> _TO DO_
Please set down each record exactly as it appears, but leave out any pictures.

-- RECORD EXTRACTS follows --

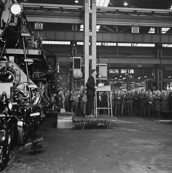 Grorud jernbaneverksted, interiør, menn, arbeidere, talerstol, damplokomotiv 215
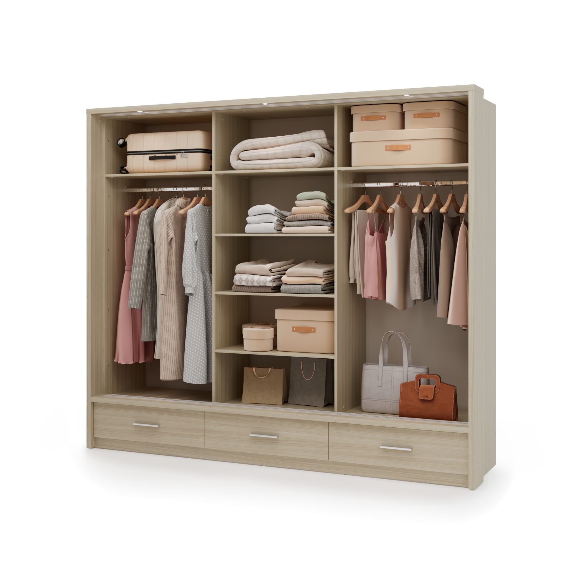 Szafa trzydrzwiowa o szerokości 250 cm z drzwiami przesuwnymi to rozwiązanie dla osób, które potrzebują dużej, dobrze zorganizowanej przestrzeni do przechowywania ubrań, tekstyliów i akcesoriów. Konstrukcja oparta na korpusie i frontach z płyty laminowanej zapewnia stabilność oraz odporność na codzienne użytkowanie – powierzchnia jest łatwa w czyszczeniu i mniej podatna na zarysowania niż tradycyjne okleiny papierowe.
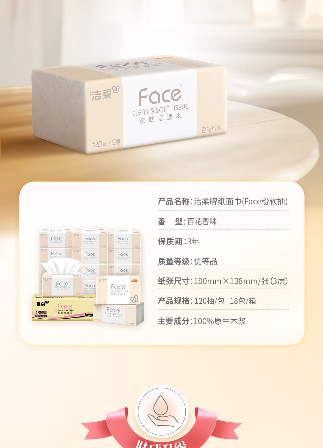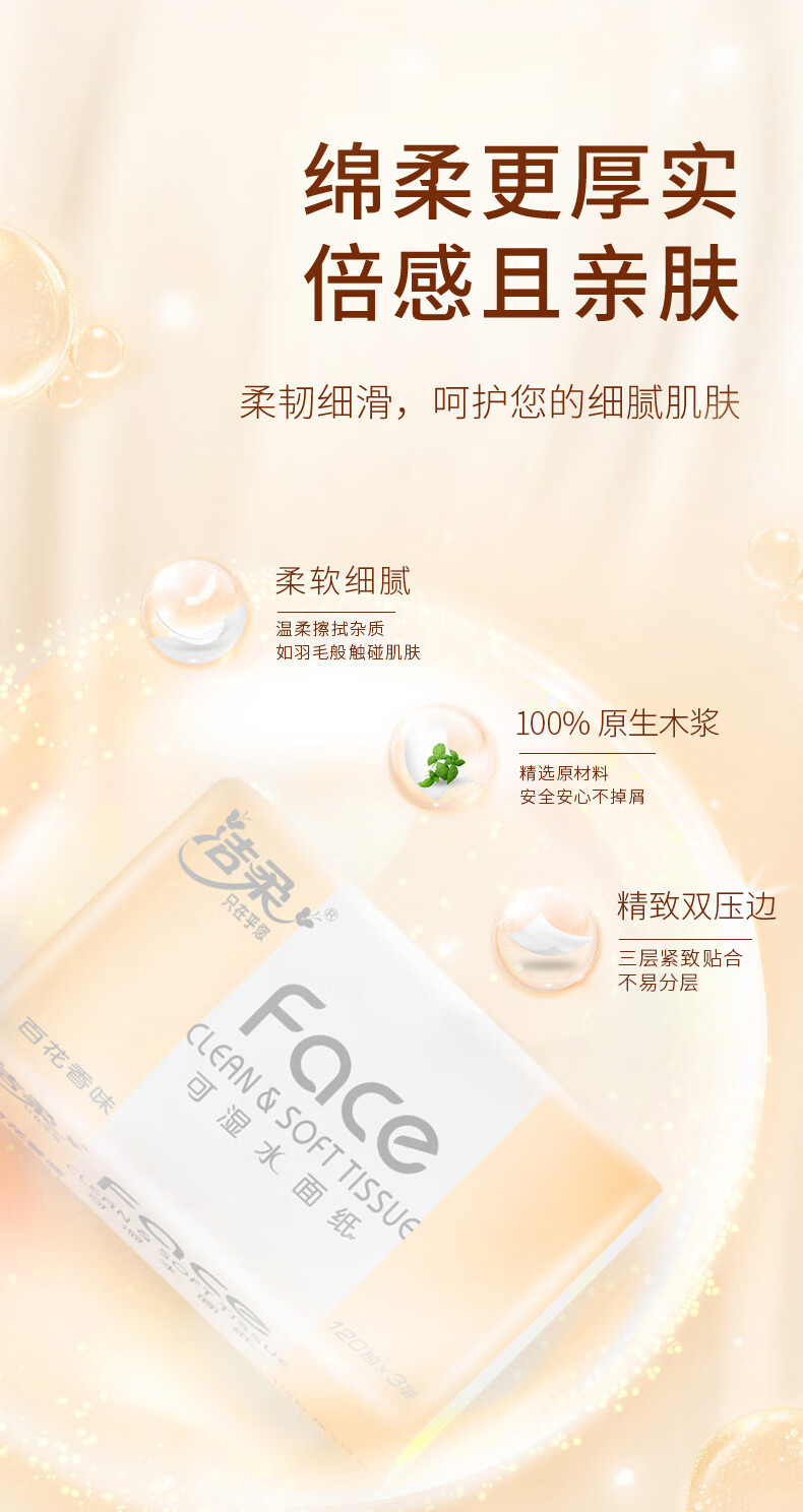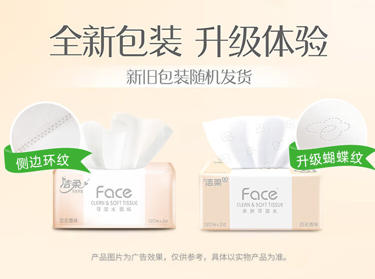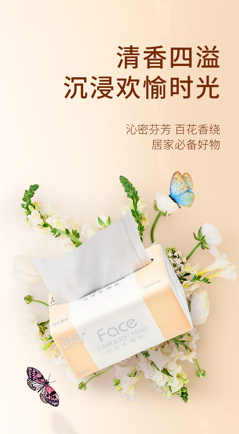 洁柔抽纸 粉Face柔韧3层120抽*18包 面巾纸 百花香芬 整箱卫生纸纸巾
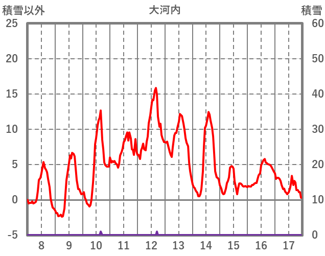 | 日 | 時 | 気温 | 降水 | 風向/風速 | 日照 | 積雪 | 降雪 |
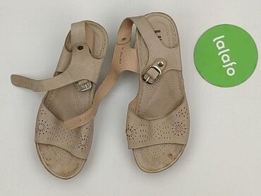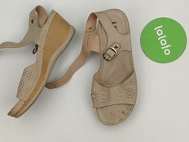 Beżowe sandały damskie na koturnie - Model: odkryte palce, odkryta pięta, pasek ze sprzączką - Materiał: naturalna skóra (cholewka i wkładka – oznaczenia skóra wewnątrz) - Podeszwa: koturna z fakt...
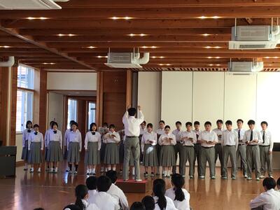 文化祭に向けて、20日(月)から、全学年で合唱練習が始まりました。歌声が響く風景はとても心地がよいものです。最優秀賞目指して、クラス一丸となって練習しています。当日をお楽しみに!
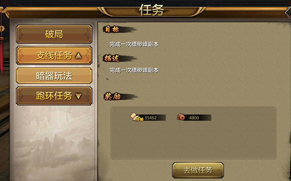 支线任务游戏中中也是初学者朋友们升級的一个很好的方式。最先支线任务接有一定的必要条件,便是游戏玩家角色的级别做到对外开放一些游戏的玩法的情况下,能够提取,例如灵兽的繁育,洗练等游戏玩法,义结金兰,英雄人物欧,袖箭这些,在游戏玩家级别对外开放了新的游戏玩法系统软件以后,都能够接有关的支线任务,这种每日任务能够为初学者朋友们,解读和课堂教学新对外开放的系统软件游戏玩法。一半都是会奖赏很多的经验和铜钱。除此之外,每一个游戏玩法的有关支线任务还会继续奖赏有关系统软件的宝贵游戏道具。例如灵兽游戏玩法的支线任务,会奖赏灵兽小宠物,提悟丹,洗炼药。袖箭游戏玩法的支线任务,会奖赏袖箭的修练石这些。奖赏的游戏道具在游戏里面全是十分宝贵的。也有许多 ,例如晶石和加强符这些。又有游戏道具拿,也有巨奖的经验和铜钱。因此 支线任务是最遭受众多游戏玩家朋友们热烈欢迎的角色,在能够接新的支线任务的情况下,能够首先选择进行支线任务。

-- RECORD EXTRACTS concluded --

> _COMPLETED TASK_
 Grorud jernbaneverksted, interiør, menn, arbeidere, talerstol, damplokomotiv 215
 Szafa trzydrzwiowa o szerokości 250 cm z drzwiami przesuwnymi to rozwiązanie dla osób, które potrzebują dużej, dobrze zorganizowanej przestrzeni do przechowywania ubrań, tekstyliów i akcesoriów. Konstrukcja oparta na korpusie i frontach z płyty laminowanej zapewnia stabilność oraz odporność na codzienne użytkowanie – powierzchnia jest łatwa w czyszczeniu i mniej podatna na zarysowania niż tradycyjne okleiny papierowe.
 洁柔抽纸 粉Face柔韧3层120抽*18包 面巾纸 百花香芬 整箱卫生纸纸巾
 | 日 | 時 | 気温 | 降水 | 風向/風速 | 日照 | 積雪 | 降雪 |
 Beżowe sandały damskie na koturnie - Model: odkryte palce, odkryta pięta, pasek ze sprzączką - Materiał: naturalna skóra (cholewka i wkładka – oznaczenia skóra wewnątrz) - Podeszwa: koturna z fakt...
 文化祭に向けて、20日(月)から、全学年で合唱練習が始まりました。歌声が響く風景はとても心地がよいものです。最優秀賞目指して、クラス一丸となって練習しています。当日をお楽しみに!
 支线任务游戏中中也是初学者朋友们升級的一个很好的方式。最先支线任务接有一定的必要条件,便是游戏玩家角色的级别做到对外开放一些游戏的玩法的情况下,能够提取,例如灵兽的繁育,洗练等游戏玩法,义结金兰,英雄人物欧,袖箭这些,在游戏玩家级别对外开放了新的游戏玩法系统软件以后,都能够接有关的支线任务,这种每日任务能够为初学者朋友们,解读和课堂教学新对外开放的系统软件游戏玩法。一半都是会奖赏很多的经验和铜钱。除此之外,每一个游戏玩法的有关支线任务还会继续奖赏有关系统软件的宝贵游戏道具。例如灵兽游戏玩法的支线任务,会奖赏灵兽小宠物,提悟丹,洗炼药。袖箭游戏玩法的支线任务,会奖赏袖箭的修练石这些。奖赏的游戏道具在游戏里面全是十分宝贵的。也有许多 ,例如晶石和加强符这些。又有游戏道具拿,也有巨奖的经验和铜钱。因此 支线任务是最遭受众多游戏玩家朋友们热烈欢迎的角色,在能够接新的支线任务的情况下,能够首先选择进行支线任务。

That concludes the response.